AMD is preparing to go head-to-head once more with Intel in the datacentre, with the release of its EPYC server processor family

Chipmaker AMD is returning to the datacentre arena with the launch of the EPYC server processor family, which is pitched at stealing market share from Intel by offering better price/performance and innovative features such as encrypted memory.

The AMD EPYC 7000 series is available immediately, and set to feature from the third quarter of 2017 in servers from leading enterprise suppliers HPE, DELL EMC and Lenovo, plus others that target hyperscale and HPC customers such as Supermicro, Sugon and H3C.

EPYC is a new design based on the Zen processor core introduced in the firm’s Ryzen consumer chips earlier this year. It will be competing not just against Intel’s current Xeon offerings, but the yet to be released Xeon Processor Scalable chips based on the Skylake architecture.

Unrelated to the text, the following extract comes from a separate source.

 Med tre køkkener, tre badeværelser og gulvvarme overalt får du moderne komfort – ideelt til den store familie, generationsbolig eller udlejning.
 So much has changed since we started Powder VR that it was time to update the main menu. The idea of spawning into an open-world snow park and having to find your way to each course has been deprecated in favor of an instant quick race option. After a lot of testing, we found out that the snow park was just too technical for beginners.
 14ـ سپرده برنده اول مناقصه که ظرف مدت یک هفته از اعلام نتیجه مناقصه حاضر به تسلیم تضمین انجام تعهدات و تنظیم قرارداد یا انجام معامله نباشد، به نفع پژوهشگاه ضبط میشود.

AMD is hoping to draw customers to systems based on EPYC rather than Intel’s rival Xeon chips by offering a product that is built from scratch with enterprise requirements in mind, according to the firm.

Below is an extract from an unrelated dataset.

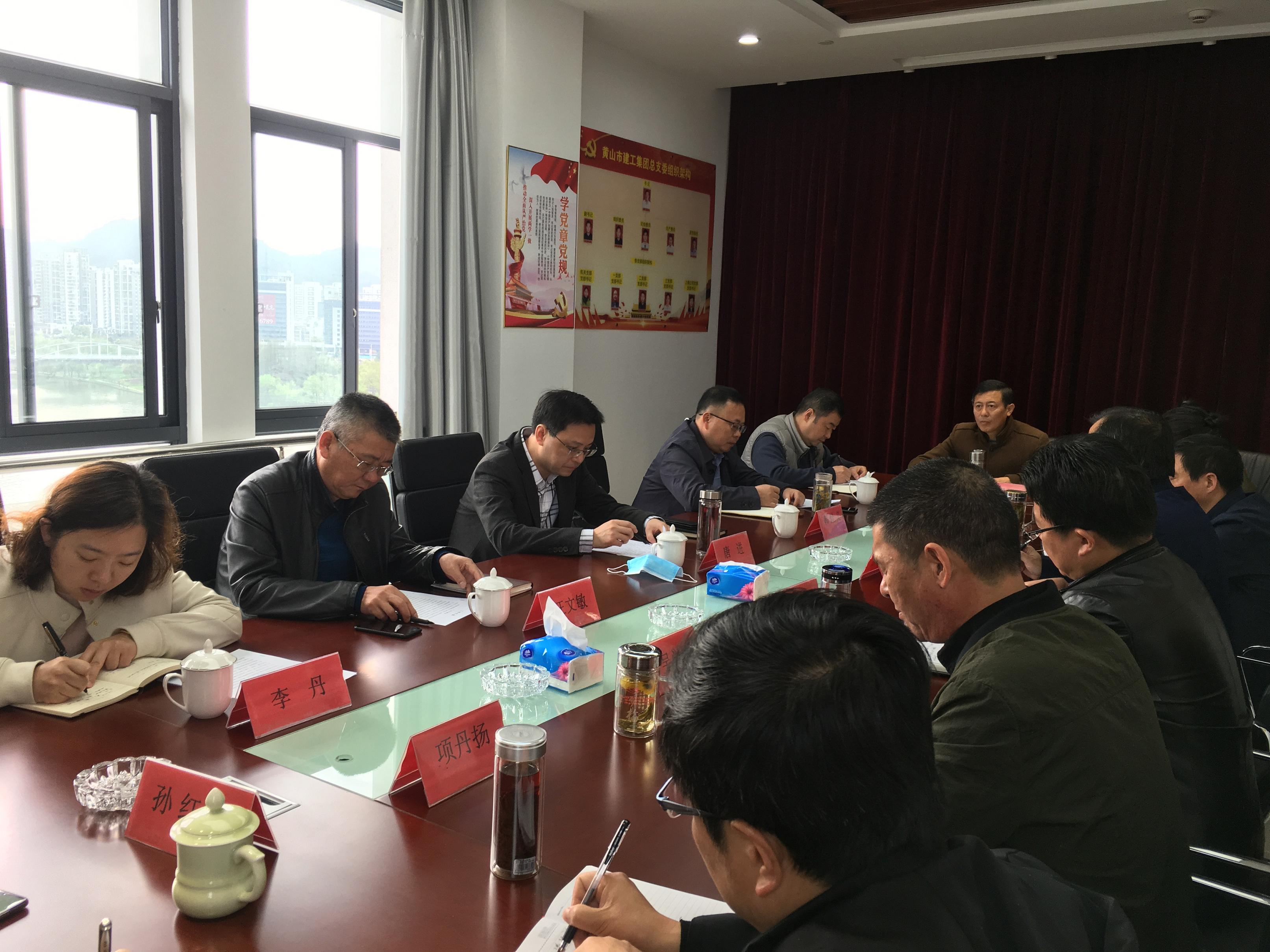 3月24日上午,黄山城投集团总裁唐进、副总裁韩灶义一行赴leyu.乐鱼(中国)体育科技股份有限公司官网 工作调研,城建控股公司董事长汪文敏、副总经理万鹏、李丹和leyu.乐鱼(中国)体育科技股份有限公司官网 董事长项端阳、总经理叶金发等领导班子成员参加调研座谈会。
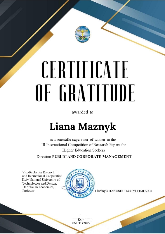 Наукова робота виконана під керівництвом гарантки магістерської освітньої програми «Менеджмент персоналу», кандидатки економічних наук, доцентки кафедри економіки праці та менеджменту Ліани Мазник.

“We asked, ‘How do we provide the performance that is needed not only for today’s workloads but also for where the market is headed?’” said Scott Aylor, AMD’s corporate vice-president of Enterprise Solutions.

The answer was to try to outdo Intel’s chips in several key areas. The EPYC family offers up to 32 of AMD’s Zen processor cores, while Intel’s current Xeon parts max out at 24 cores. Each EPYC processor also has double the number of memory channels, enabling servers to be configured with larger memory capacities – up to 2TB per socket when using 128GB Dimm components.

In terms of performance, the top-end EPYC 7601 chip can deliver up to 47% higher integer performance compared with Intel’s Xeon E5-2699A V4, and up to 75% higher floating point performance, according to AMD benchmarks.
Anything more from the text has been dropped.